Grimm up 10 percent over Donovan, according to April poll

Battle of the incumbents….sort of.

Convicted felon Michael Grimm, who will fight to get his old congressional seat back against its current holder, Congressmember Dan Donovan, in a heated primary race for the November election, is reportedly up by 10 percent for the Republican nod.

A poll conducted by the Democratic Congressional Campaign Committee (DCCC) – a group that has been vocal about its goals to flip the seat, held by the GOP for decades (except for a two-year period when Democrat Michael McMahon held the post) and which went red for President Donald Trump in the 2017 election – estimates the ex-Marine and FBI agent currently would draw 49 percent of the vote.

Former Staten Island District Attorney Donovan gets just 39 percent, according to the poll, which surveyed just over 400 Republican primary voters over three days in April. In terms of performance, the DCCC claims that 67 percent of voters approved of Grimm’s job performance, in comparison to Donovan’s 47.

Grimm and Donovan are the only two running for the GOP nomination for the seat – which encompasses Staten Island and a swathe of southern Brooklyn from Bay Ridge to Gravesend – though the winner will face off against one of six Dems, Max Rose, Omar Vaid, Michael DeVito, Paul Sperling, Zach Emig and Radhakrishna Mohan all currently in the running.
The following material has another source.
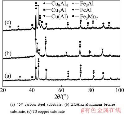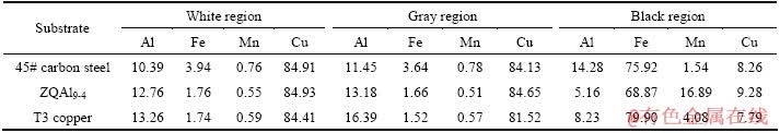 表2所列为3种基体的高铝青铜喷焊层微区元素含量测量结果。结合图3合金喷焊层的XRD谱和 MDI jade 5.0软件定量分析可知,喷焊层中黑色组织为K相,属富Fe和Al组织,灰色组织为β′相,白色组织为α相并伴有少量γ2相,为富Cu组织。喷焊层中主量相为α相,45#钢基体的喷焊层中K相主要是K1(Fe3Al)和K2(FeAl)相;ZQAl9-4基体的喷焊层中K相主要由Fe3Mn7和K1(Fe3Al)相组成;T3铜基体的喷焊层中K相以K2(FeAl)相为主。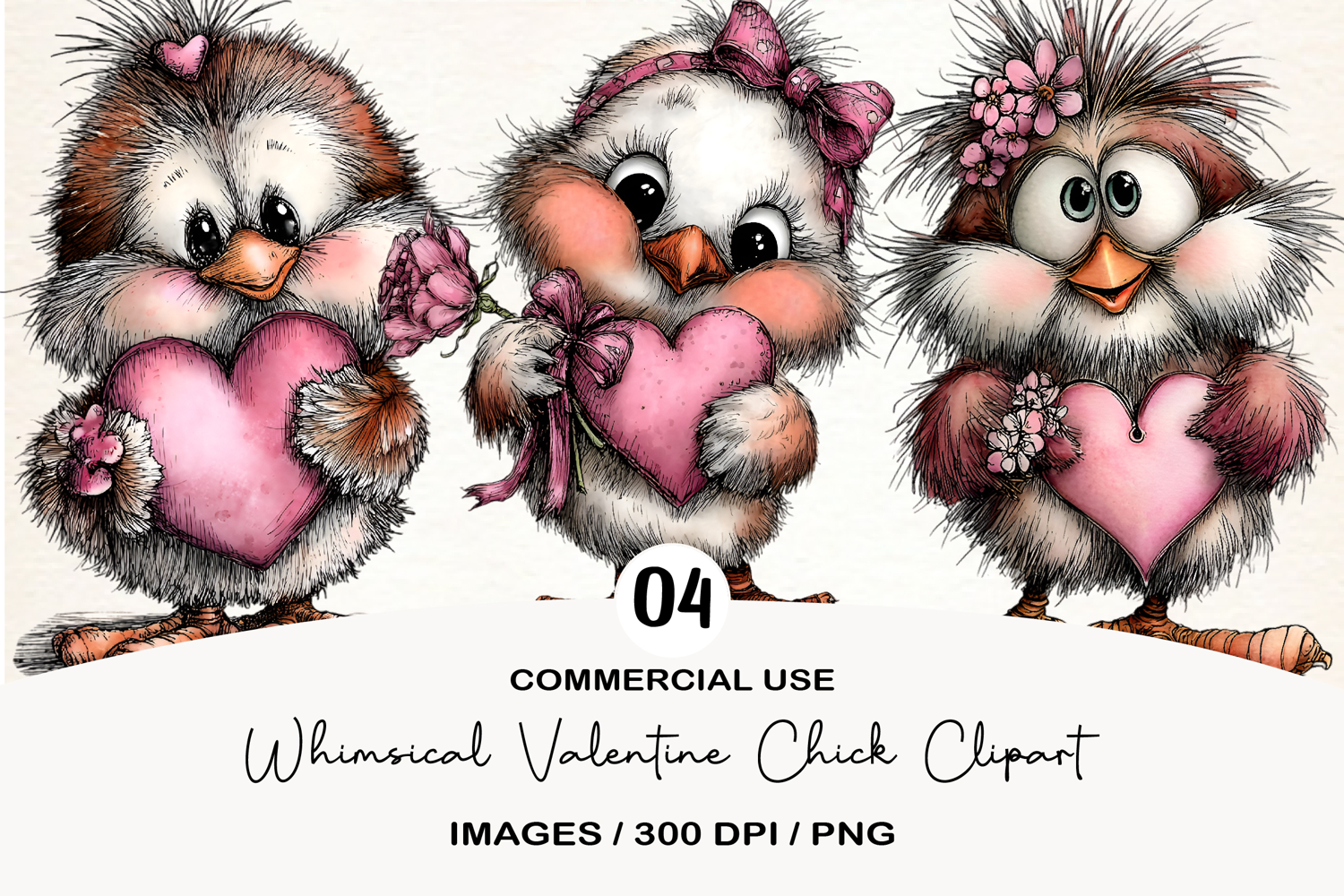 Whimsical Valentine Chick Clipart example image 1

Donovan – a GOP rep who Grimm has repeatedly slammed for not being conservative enough – was elected to replace Grimm in 2015 before winning his first full term in 2016 after his predecessor pleaded guilty to tax evasion and other federal charges.

The former pol served seven months of an eight-month prison sentence.

The poll’s margin of error is reportedly just under five percent.